March 20, 2009 12:00 am

, YAOUNDE, Mar 20 – Pope Benedict XVI led the first giant mass of his Africa tour on Thursday, warning the world’s poorest region not to succumb to materialism but steering clear of his controversial denunciation of condoms.

The pontiff told around 60,000 pilgrims packed into a football stadium in the Cameroon capital Yaounde that although Africa was "a continent of hope," it risked losing its traditional moorings from people seeking to "impose the tyranny of materialism."

He did not mention Africa’s AIDS epidemic or his opposition to the use of condoms which sparked an global furore and clouded the start of his first visit to Africa as pope.

"At a time when many people have no qualms about trying to impose the tyranny of materialism, with scant concern for the most deprived, you must be careful," the 81-year-old pontiff said, expressing solidarity with the continent’s teeming poor and refugees.

"Africa in general, and Cameroon in particular, place themselves at risk if they do not recognise the True Author of Life.

"Take care of your souls, do not let yourself be captivated by selfish illusions and false ideals!"

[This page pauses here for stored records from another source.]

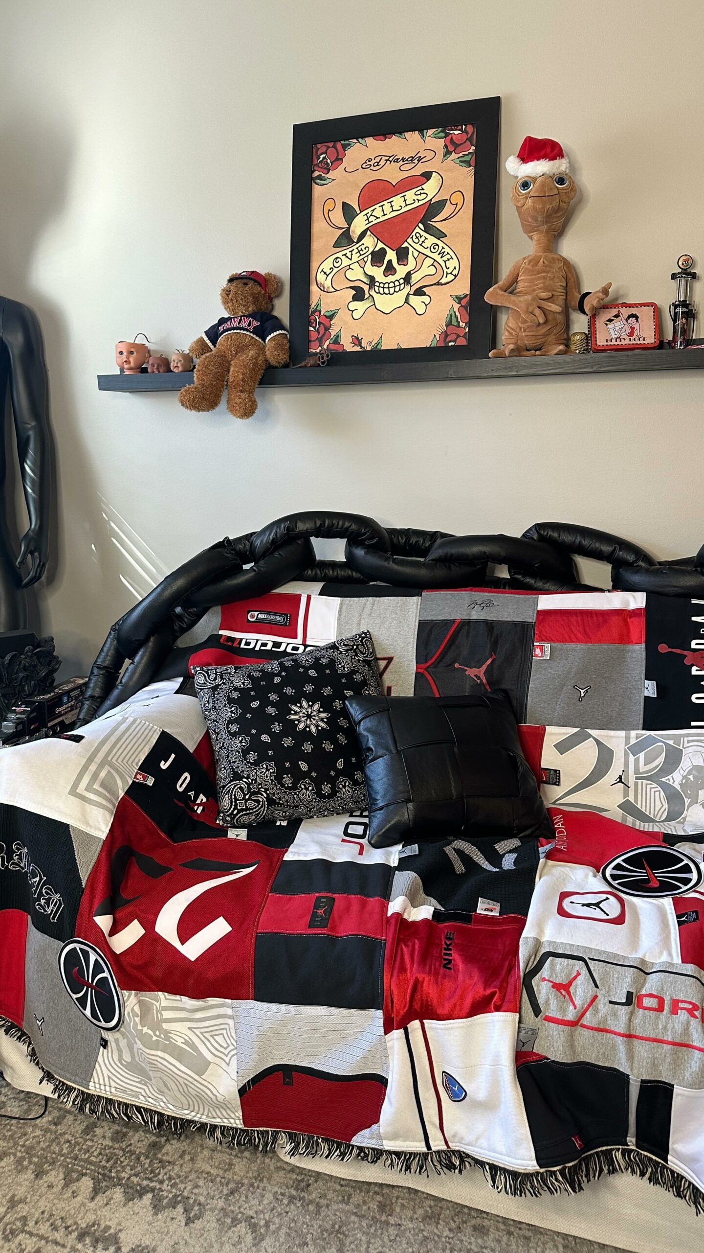将几十件旧 AJ 衣服长裤剪裁拼接制作成一张沙发毯而受到关注的创意人 | Via Instagram @@wandythemaker
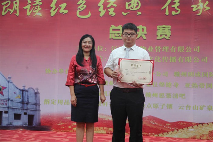 經(jīng)過(guò)激烈的比拼,章江花園小區(qū)業(yè)主周俊良憑借《高原茶花》的朗讀,榮獲本次比賽的一等獎(jiǎng),獲得1萬(wàn)元的現(xiàn)金獎(jiǎng)勵(lì);公園一號(hào)小區(qū)業(yè)主廖子茜小朋友和章江花園小區(qū)業(yè)主韓建榮獲本次比賽的二等獎(jiǎng),分別獲得2千元的現(xiàn)金獎(jiǎng)勵(lì);糧食城小區(qū)業(yè)主危筱萍與郝建光、糧食城小區(qū)業(yè)主劉忠英和吉安市廬陵一品小區(qū)業(yè)主周小鴻榮獲本次比賽的三等獎(jiǎng),分別獲得500元的現(xiàn)金獎(jiǎng)勵(lì)。
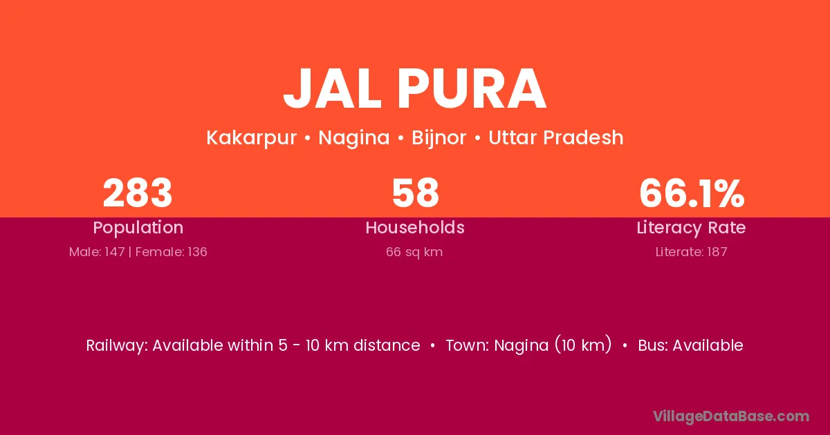Nagina (10 km) is the nearest town to Jal Pura village for major economic activities and is located approximately 10 km away.
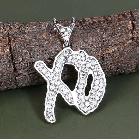 Genuine White Cubic Zirconia "XO" Pendant Necklace in Sterling Silver with Platinum Plating

After the mass, the Vatican lambasted globalisation’s "organised destruction of the African identity" in a document released to African bishops, which will form the basis of an African synod at the Vatican in October.

It said unnamed "military and economic powers" were imposing their will on Africa, fomenting wars through arms trafficking and stripping the continent of its huge natural resources.

Thursday’s mass at the Amadou Ahidjo stadium was Benedict’s first contact with the masses since his arrival in Cameroon. The reception was noisy and festive as he waved from his white popemobile as it circled the stadium.

Many wore T-shirts and other items of clothing sporting Benedict’s picture.

"For me, it’s the summit. We don’t get a chance like this every day, to come to a mass celebrated by the supreme head of the Church," said Dieudonne Nkoa, from Yaounde.

In the stands, pilgrims from further afield waved a banner declaring "Long live the pope. Nigeria," dwarfed beside a huge canvas banner with a photo of an open-armed Benedict.

Some said they had queued outside the stadium all night to be sure of getting in. Marshalls struggled to contain the rush for the best seats when the gates were opened and thousands were left outside when the mass began.

Benedict later visited a centre for the handicapped where he offered succour.

"You are not alone," he said. "I also think of the ailing and especially in Africa of those who are victims of AIDS, malaria and tuberculosis."

Benedict has been criticised by European governments and international AIDS charities for comments he made Tuesday in which he said condoms aggravated the spread of AIDS.

The Vatican has sought to play down the controversy, saying Benedict had merely been expressing the Catholic Church’s policy on contraception.

Vatican spokesman Federico Lombardi said the pontiff had been kept informed of the critical international reaction to his remarks.

Lombardi said there was "a dichotomy" between what was happening around the the pope in Cameroon "and that which is being spoken about abroad".

The pope, who leaves for Angola on Friday for the second and last leg of his Africa tour, said during the three-hour mass that the family "in your country and across Africa, is experiencing a difficult time.

"Certain values of the traditional life have been overturned," he said and the younger generation had been left "uprooted and fragile" and cut off from family.

"Is this an irreversible, inevitable development? By no means! More than ever, we must hope against all hope," he said.

Benedict, who met members of Cameroon’s Muslim community before the mass, said the two religions co-existed peacefully as they shared core beliefs and teachings.

These were "family, social responsibility, obeying God and taking care of the weak."